When private clubs have a public social media presence, it can endanger both their exclusive appeal and their private status. Clubs should be very careful not to advertise membership or promote the club to nonmembers in any broad-reaching, public way.
Fortunately, there are ways to use social media that combine limited “Public Pages” with “Private Pages” and “Groups” to create a restricted, custom social media experience for club members to be discussed later.
Information Permanence & Proliferation
Even the most careful clubs with no social media presence of their own can wind up in the midst of a social media scandal. Members, their children and their guests can all comment about the club on Facebook, Twitter or other online forums. They can also post pictures and videos of the club, thanks to digital cameras, cell phones and YouTube.
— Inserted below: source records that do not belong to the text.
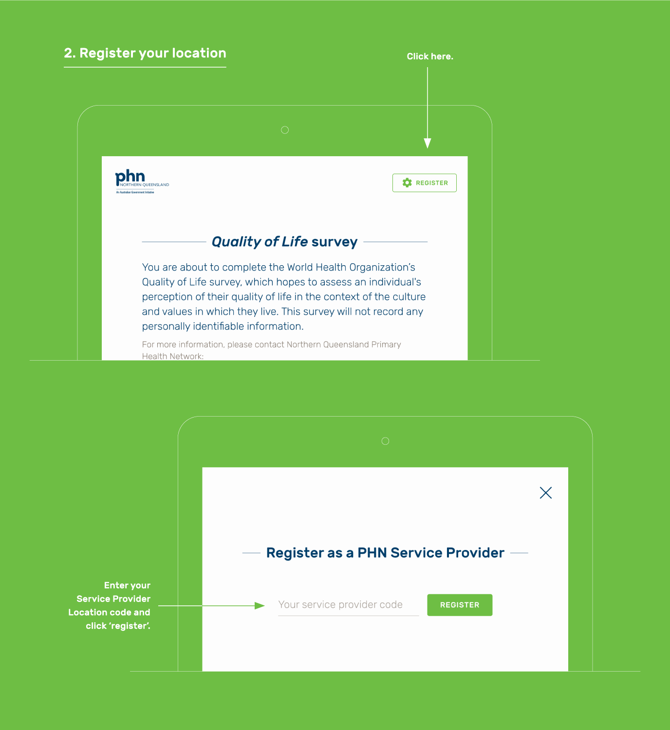 Primary Healthcare Network North Queensland wanted to digitise the World Health Organisation's Quality of Life survey to rapidly and economically build a map of patient well-being in their service areas. We built a maintainable, easy to use responsive website that worked on any screen size, and which securely stored patient responses.
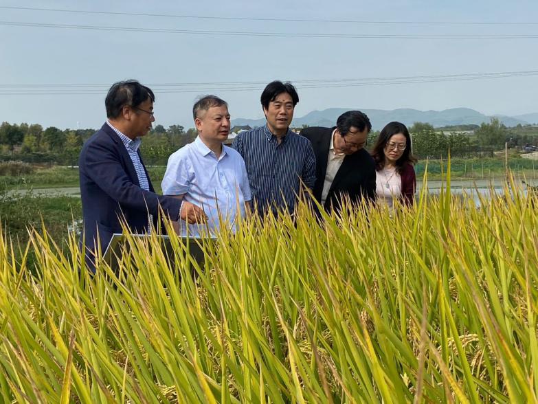 林院长听取了集团党委书记、董事长孙利祥的介绍和水稻育种团队负责人洪晓富关于水稻合作育种的进展汇报后,赴基地水稻新品种展示区考察了合作团队进入省级区试和有苗头的后续品种新组合。林院长首先肯定了科企合作育种的方式,对公司投入经费加快新品种选育和加速成果转化表示赞赏,希望双方加强示范推广力度,提高种子市场占有率,取得更大的社会效益和经济效益;同时对公司抓住机遇研发推广节水抗旱稻的举措给予充分肯定;并向孙董事长详细介绍了玉米、高粱与常规水稻杂交获得的玉米高粱稻,这一种间远缘杂交新物种的问世,必将产生颠覆性的种业变革。林院长表示浙江省农科院愿与种业集团进一步合作,共同研究推广该成果。
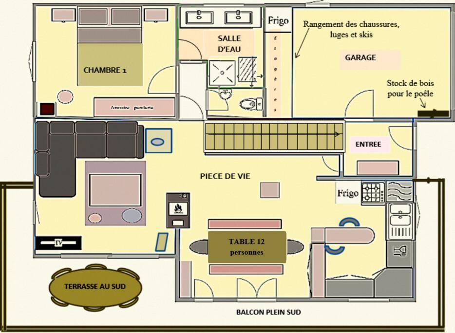 Holzblockchalet auf 3 Ebenen. 1. Ebene (ebener Zugang vom Parkplatz): Eingang, Wohnzimmer-Küchen-Lounge-Bereich mit Zugang zu einer geschützten Terrasse (Essbereich für 10 Personen), 1 Schlafzimmer für 2 Personen (1 Doppelbett 160x200 cm), Badezimmer (Dusche), separates WC. Oben: Zwischengeschoss, offen zum Wohnzimmer/Lesebereich und Brettspielen. 3 Schlafzimmer (2 Schlafzimmer 1 Doppelbett 160x200 cm/ 1 Schlafzimmer 4 Einzelbetten 90x190cm), Badezimmer (Badewanne mit Duschstange und WC). Auf der Gartenebene (Zugang von außen über Holzstufen möglich): Wohnküche (Kühlschrank mit Konservator, 2 Cerankochfelder, Mikrowelle), Wohnbereich (Doppelschlafcouch 140x200 cm), 1 Schlafzimmer (1 Doppelbett 160x200 cm) , ein Badezimmer (ebenerdige Dusche, Eck-Whirlpool, 2 Waschbecken und WC). Fußbodenheizung durch Sonnenkollektoren (zusätzlicher Elektroboiler). Privater Parkplatz auf dem Grundstück + Garage.

Once information gets out to the public, through one means or another, it’s difficult to delete it. This can happen whether or not a club has a social media presence of its own. Even if a negative comment doesn’t appear on club-managed site or page, members and prospective members may still see it, possibly damaging the club’s reputation.
Having a social media presence (or awareness) can help clubs monitor social chatter, so they know what’s being said and where. In addition, clubs should also have policies and guidelines in place about responding to or participating in any online communication beyond the boundaries of the clubs’ private communities. Comments may come back to bite you, but silence can be just as bad.
All interaction with the outside, online world should be measured, standardized and deliberate. Having a clear strategy can help a club control the messages reaching its members and the public at large.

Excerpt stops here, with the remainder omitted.